- Work instruction -
From the entries below, transcribe exactly the lines between the line holding "The Ateneo School" and the line holding "2024年,香港對摩洛哥的出", inclusive; skip all other lines.

**** Data listing ****

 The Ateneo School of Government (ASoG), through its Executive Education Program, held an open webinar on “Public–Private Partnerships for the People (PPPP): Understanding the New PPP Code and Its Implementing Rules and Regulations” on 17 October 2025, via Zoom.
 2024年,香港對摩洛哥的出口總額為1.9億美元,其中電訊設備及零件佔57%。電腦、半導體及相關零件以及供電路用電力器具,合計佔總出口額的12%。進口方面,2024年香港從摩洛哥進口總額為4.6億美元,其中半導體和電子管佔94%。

****
**** Data listing ****

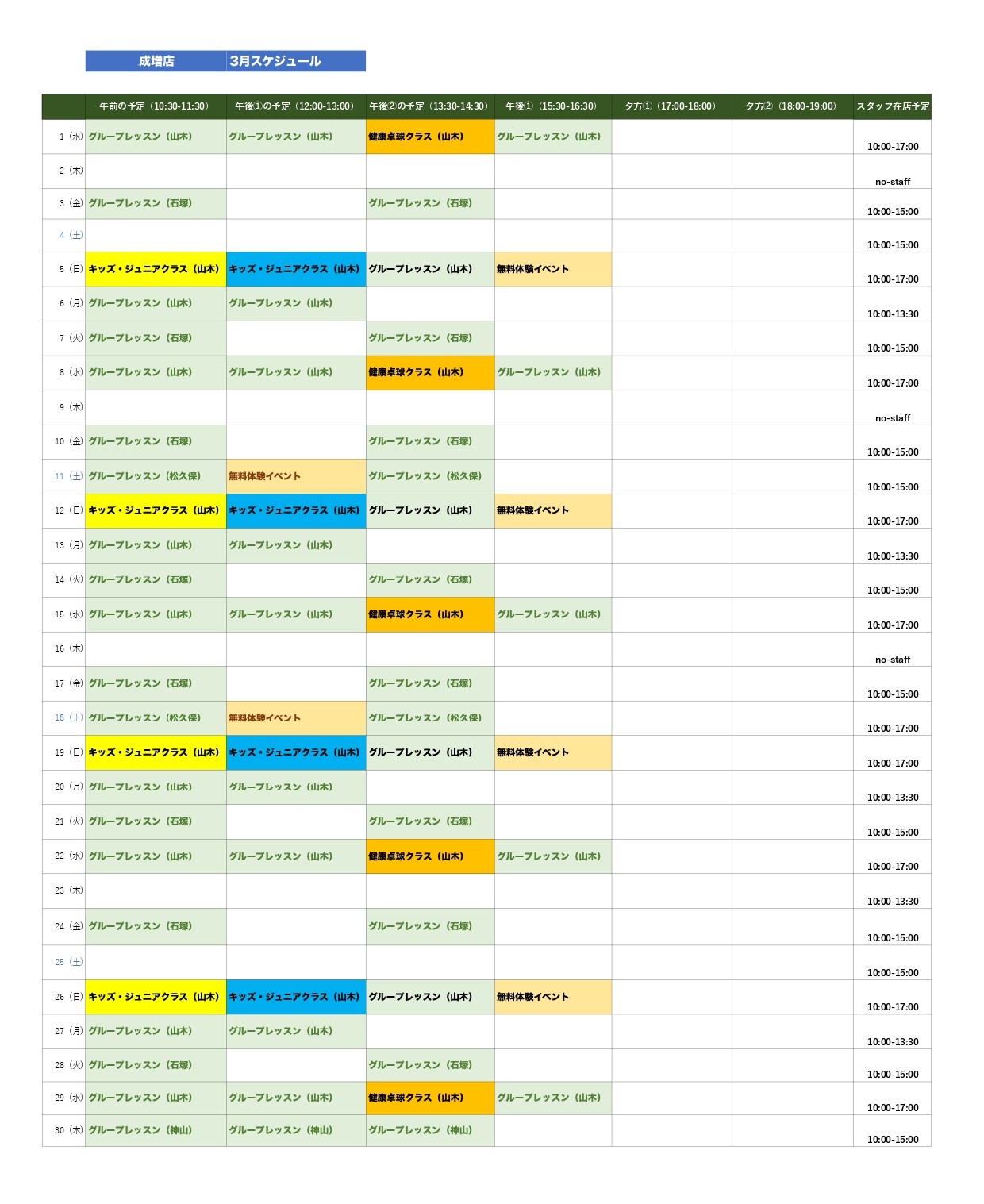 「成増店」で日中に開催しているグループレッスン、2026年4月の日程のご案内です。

****
**** Data listing ****

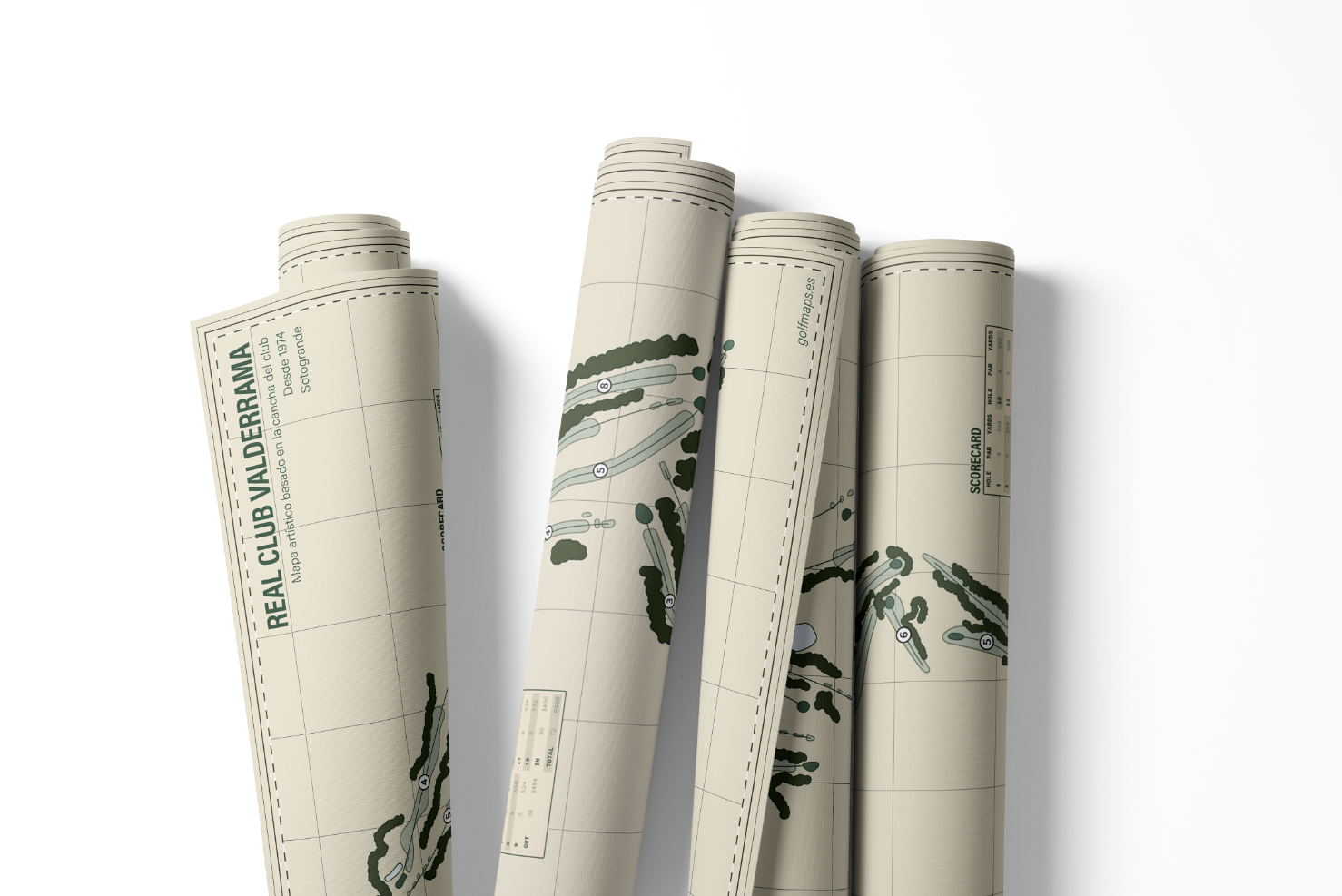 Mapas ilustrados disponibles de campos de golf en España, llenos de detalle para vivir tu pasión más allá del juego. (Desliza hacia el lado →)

****

- Output for this exercise -
 The Ateneo School of Government (ASoG), through its Executive Education Program, held an open webinar on “Public–Private Partnerships for the People (PPPP): Understanding the New PPP Code and Its Implementing Rules and Regulations” on 17 October 2025, via Zoom.
 2024年,香港對摩洛哥的出口總額為1.9億美元,其中電訊設備及零件佔57%。電腦、半導體及相關零件以及供電路用電力器具,合計佔總出口額的12%。進口方面,2024年香港從摩洛哥進口總額為4.6億美元,其中半導體和電子管佔94%。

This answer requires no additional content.